INFORMATION:
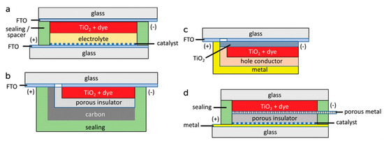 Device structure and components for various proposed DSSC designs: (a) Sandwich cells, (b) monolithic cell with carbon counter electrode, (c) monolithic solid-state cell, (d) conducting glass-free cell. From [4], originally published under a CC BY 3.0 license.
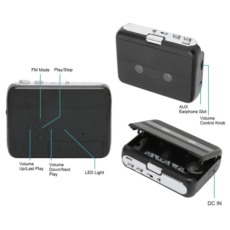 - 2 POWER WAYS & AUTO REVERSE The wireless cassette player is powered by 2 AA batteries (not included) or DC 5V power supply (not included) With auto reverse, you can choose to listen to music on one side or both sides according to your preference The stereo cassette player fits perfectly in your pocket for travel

--

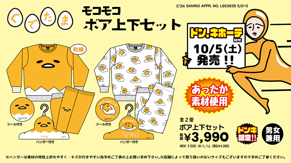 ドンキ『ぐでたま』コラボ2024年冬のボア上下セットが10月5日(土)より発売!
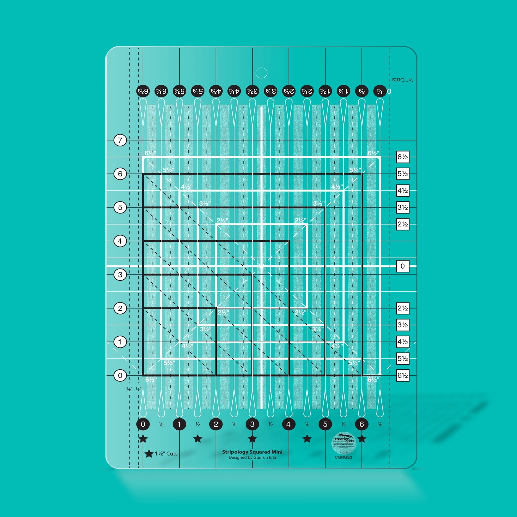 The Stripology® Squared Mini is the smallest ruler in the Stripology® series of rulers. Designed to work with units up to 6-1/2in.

INSTRUCTIONS FOR THE TASK:
In the data above, find the line with "ドンキ『ぐでたま』コラボ20" and the line with "The Stripology® Squared". Please copy exactly those two lines and every line between them, but not the pictures.

TASK OUTPUT:
 ドンキ『ぐでたま』コラボ2024年冬のボア上下セットが10月5日(土)より発売!
 The Stripology® Squared Mini is the smallest ruler in the Stripology® series of rulers. Designed to work with units up to 6-1/2in.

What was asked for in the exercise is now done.